__Data to use__.
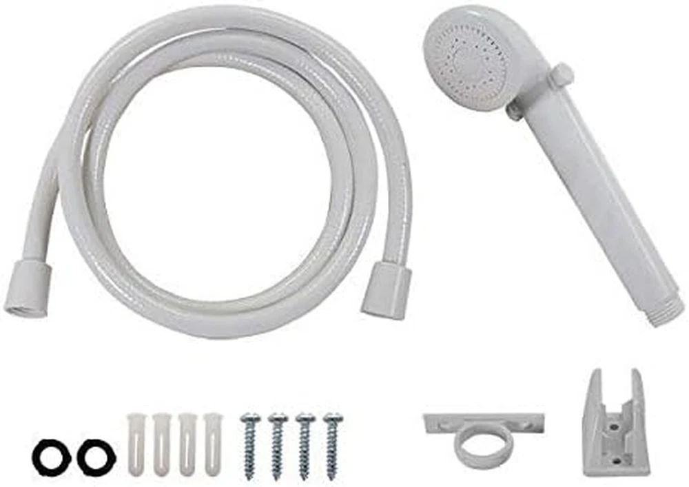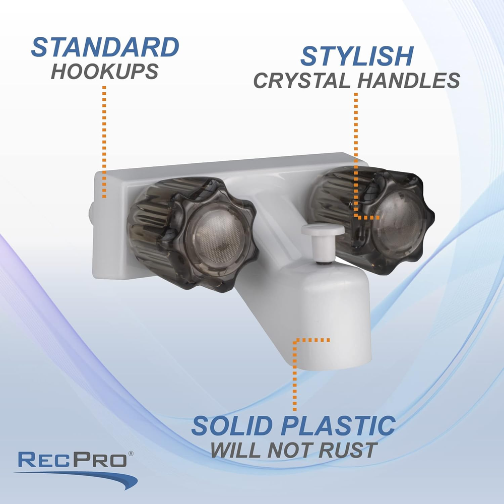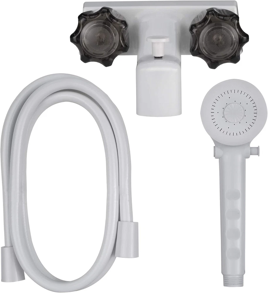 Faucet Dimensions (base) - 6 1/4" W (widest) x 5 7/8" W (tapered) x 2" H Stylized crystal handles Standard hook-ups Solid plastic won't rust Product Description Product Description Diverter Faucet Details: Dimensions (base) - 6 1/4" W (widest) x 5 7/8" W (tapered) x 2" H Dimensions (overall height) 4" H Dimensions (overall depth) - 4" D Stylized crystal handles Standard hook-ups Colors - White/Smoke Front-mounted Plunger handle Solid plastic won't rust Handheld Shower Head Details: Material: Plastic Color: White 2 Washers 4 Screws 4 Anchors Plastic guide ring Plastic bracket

* * *

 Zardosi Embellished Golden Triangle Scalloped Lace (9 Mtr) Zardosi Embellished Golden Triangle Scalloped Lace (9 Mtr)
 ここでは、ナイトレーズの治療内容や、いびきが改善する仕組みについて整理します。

==

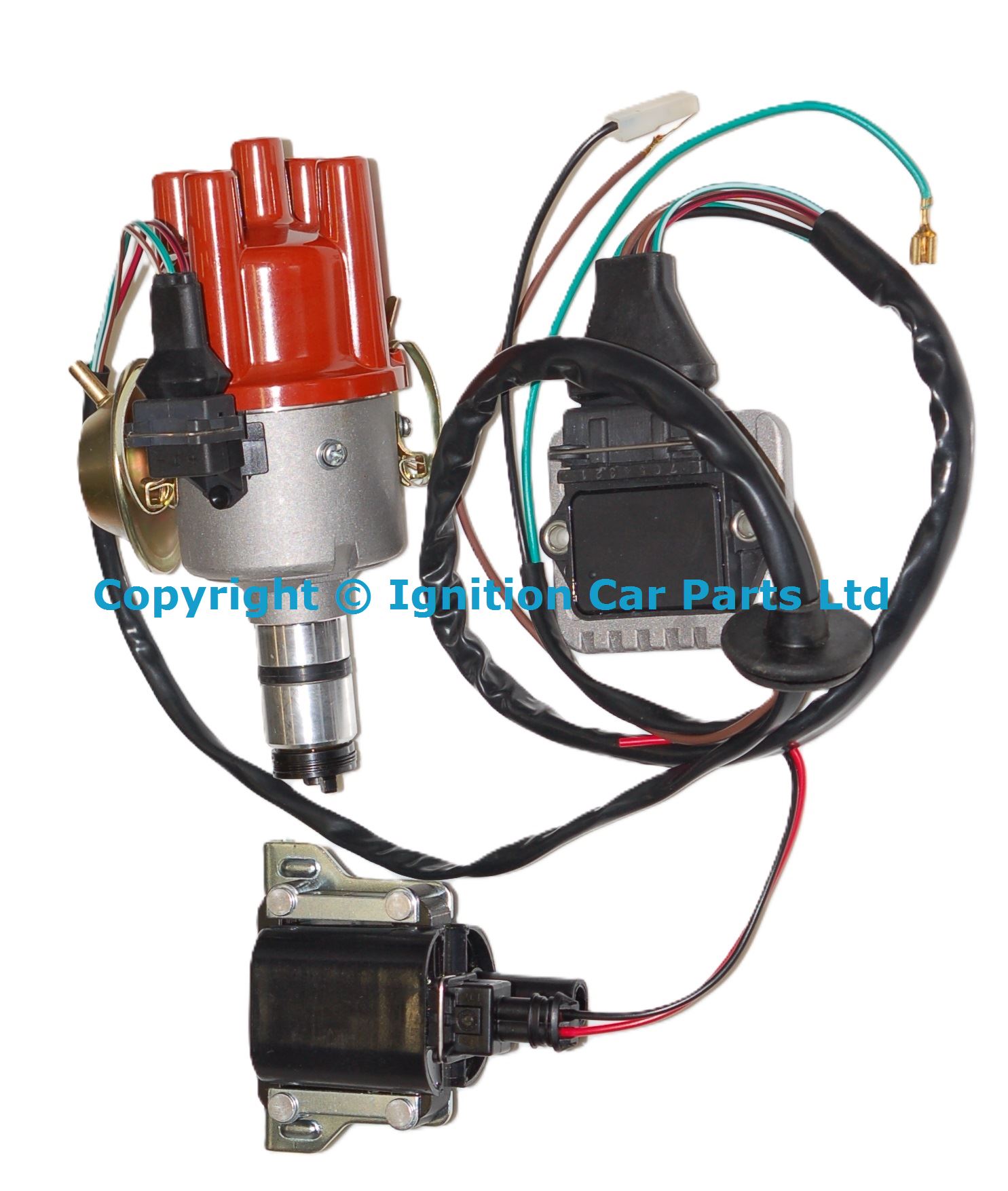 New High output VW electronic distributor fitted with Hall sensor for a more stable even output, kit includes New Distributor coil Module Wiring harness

__Aim of the exercise__. Using the records above, restate word for word the lines from the one with "(9 Mtr) Zardosi" through the one with "ここでは、ナイトレーズの治療内容や、いびきが改善する仕組みについて整理します。", both included.

__Output__.
 Zardosi Embellished Golden Triangle Scalloped Lace (9 Mtr) Zardosi Embellished Golden Triangle Scalloped Lace (9 Mtr)
 ここでは、ナイトレーズの治療内容や、いびきが改善する仕組みについて整理します。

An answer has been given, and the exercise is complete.